6.2.4 Deterministic Cleanup Elsewhere: RAII, try-finally, with, Drop

Placing defer in a cross-language lineage, it solves the same universal problem: how to guarantee that “no matter which path you leave by, cleanup will happen”. The trade-offs differ from one design to another.

C++’s RAII binds cleanup to object lifetime; the destructor is called deterministically by the compiler when the object leaves scope, a purely compile-time scheme with zero runtime bookkeeping, at the cost that cleanup must attach to some type and cannot, like defer, register an arbitrary piece of logic in place. Rust’s Drop follows the RAII line of thinking and, with the ownership system computing the release timing at compile time, is even more deterministic. Java’s try-finally (and try-with-resources) and Python’s with (context managers) instead wrap cleanup explicitly in syntactic blocks, with clear scope, but nesting multiple resources easily indents into a pyramid.

Go chose another path: defer is not bound to a type and needs no extra block indentation; any single line can register a piece of cleanup in place, and right next to where you write open you can write defer close, which reads beautifully. The cost is precisely the entire content of this section: because it breaks free of static scope and is allowed inside conditionals and loops, the compiler cannot always resolve it at compile time into a zero-cost call like RAII, so the runtime must take part, and so there are these three generations of effort to push the cost back to zero. Convenience never comes free; it just moves the cost over to the compiler and the runtime to repay.

And precisely because of these three generations of optimization, the long-circulated experience of “don’t use defer on the hot path” is already out of date. It was correct in the heap-allocation era, but after open coding landed, a defer in a small function is almost no different from hand-written cleanup. Performance wisdom has a shelf life; before tuning for some version, first confirm that the cost model in your head still holds.
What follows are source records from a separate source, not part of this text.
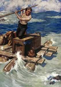 Publié en 1719 et écrit par Daniel Defoe, Robinson Crusoé est considéré aujourd’hui comme l’un des premiers romans d’aventures. Il est en tout cas à l’origine d’un genre extrêmement populaire que l’on retrouve encore aujourd’hui en littérature mais aussi au cinéma et dans les jeux vidéo : la robinsonnade. Le principe est simple : un héros se retrouve, suite à un accident, dans un espace isolé et hostile, comme une île déserte, et doit organiser sa propre survie. Les robinsonnades sont à la fois des récits d’exploration et des récits de survie. Contrairement aux romans d’aventures qui mettent souvent en scène des héros extraordinaires, des aventuriers qui vont à l’avant des dangers, la robinsonnade met en scène des héros ordinaires confrontés à des situations extraordinaires. De nombreux auteurs ne s’y tromperont pas et imagineront des enfants dans le rôle de Robinson.
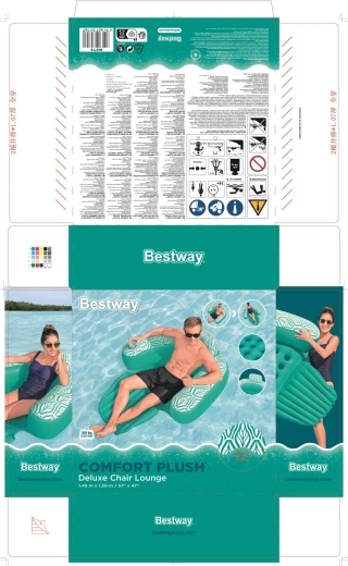 De Bestway Deluxe Comfort Plus opblaasbare stoel is ideaal voor zwembad, meer en kalme zee. De ergonomische rugleuning met geïntegreerd kussen ondersteunt rug en nek, terwijl de inklapbare voetsteun de zitting verhoogt en een comfortabele positie biedt bij zowel zitten als liggen. Het zijdezachte, waterbestendige Comfort Plus-oppervlak voelt prettig aan en oogt in het water nog aantrekkelijker.
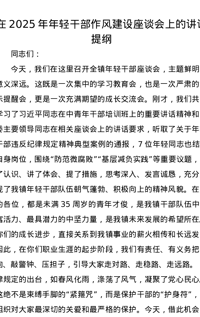 在2025年年轻干部作风建设座谈会上的讲话提纲
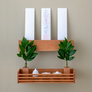 小さなスペースでも、設置が可能な大きすぎないサイズ。格子組の棚は神具の落下対策にもなり安全な構造。自然にお部屋に馴染む祈りのインテリアはいかがでしょうか?
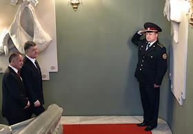 Президент Украины Петр Порошенко (слева) и президент Европейского совета Дональд Туск (справа) во…

6.2.5 A Short Summary of the Evolution

defer’s decade-plus of optimization is one storyline of “gradually moving runtime bookkeeping back to compile time”:

Version	Content	Author
1.0 and earlier	drafted the language spec, first implementation, heap allocation	Robert Griesemer, Ken Thompson
1.1	defer’s allocation and release changed to per-G batch handling	Russ Cox
1.3	changed to per-P resource pool allocation, fitting work-stealing scheduling	Dmitry Vyukov
1.8	execution switched to the system stack, blocking preemption and stack-growth cost	Austin Clements
1.13	implemented stack allocation, eliminating heap allocation in common simple cases (about -30%)	Keith Randall
1.14	open-coded defer, inlined into return paths, almost zero cost	Dan Scales
1.18	arguments captured by closure, `_defer` no longer stores arguments, `deferproc` loses its parameters	Keith Randall et al.
1.22	unified `deferreturn` and panic unwinding, reusing the `nextDefer` loop	Russ Cox

The trade-off of each of the three generations can be summed up in one line: open coding trades “a few stack slots + bit arithmetic” for near-zero cost, and is the first choice for small functions; stack allocation trades “initializing a record + maintaining the list” for avoiding heap allocation, and is the fallback when open coding is not possible; heap allocation trades “resource pool + list + return at the end” to backstop dynamic scenarios like loops and overflow counts, the most costly but the most general. Having understood this chain of choices, watching in 6.3 how panic unwinds along the same chain and the same funcdata then comes naturally.